In cross-institutional, siloed federated learning (FL), participant failures—such as communication disruptions or configuration errors—are frequent, yet their impact on model quality remains poorly understood, especially in small-scale, non-IID settings. Method: This work presents the first empirical study of the multidimensional impact of participant failures, systematically analyzing three critical factors: failure timing, degree of local data skew, and evaluation bias. Contribution/Results: We find that failure timing significantly affects convergence behavior and final model performance. Under high data skew, standard evaluation metrics exhibit optimistic bias, obscuring the true extent of model degradation. Crucially, conventional offline evaluation proves unreliable for deployment decisions, often yielding misleading conclusions. Our study provides a reproducible analytical framework and actionable design insights for building robust FL systems—highlighting the need for failure-aware evaluation protocols and adaptive aggregation strategies in heterogeneous, real-world FL deployments.

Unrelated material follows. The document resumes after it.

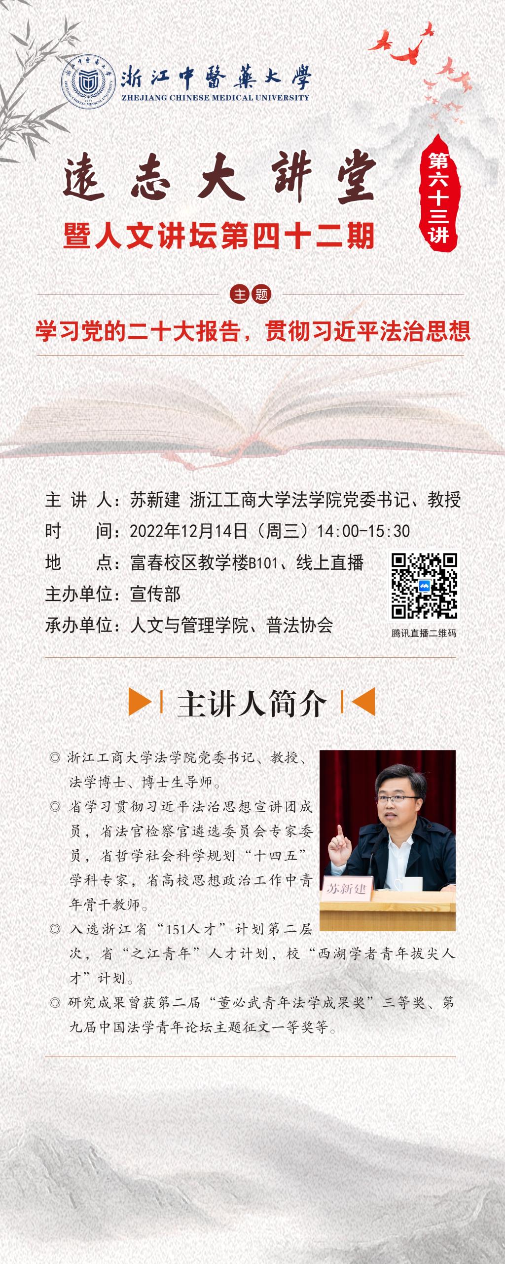 远志大讲堂第六十三讲暨人文讲坛第四十二期:学习党的二十大报告,贯彻习近平法治思想

Federated learning (FL) is a new paradigm for training machine learning (ML) models without sharing data. While applying FL in cross-silo scenarios, where organizations collaborate, it is necessary that the FL system is reliable; however, participants can fail due to various reasons (e.g., communication issues or misconfigurations). In order to provide a reliable system, it is necessary to analyze the impact of participant failures. While this problem received attention in cross-device FL where mobile devices with limited resources participate, there is comparatively little research in cross-silo FL. Therefore, we conduct an extensive study for analyzing the impact of participant failures on the model quality in the context of inter-organizational cross-silo FL with few participants. In our study, we focus on analyzing generally influential factors such as the impact of the timing and the data as well as the impact on the evaluation, which is important for deciding, if the model should be deployed. We show that under high skews the evaluation is optimistic and hides the real impact. Furthermore, we demonstrate that the timing impacts the quality of the trained model. Our results offer insights for researchers and software architects aiming to build robust FL systems.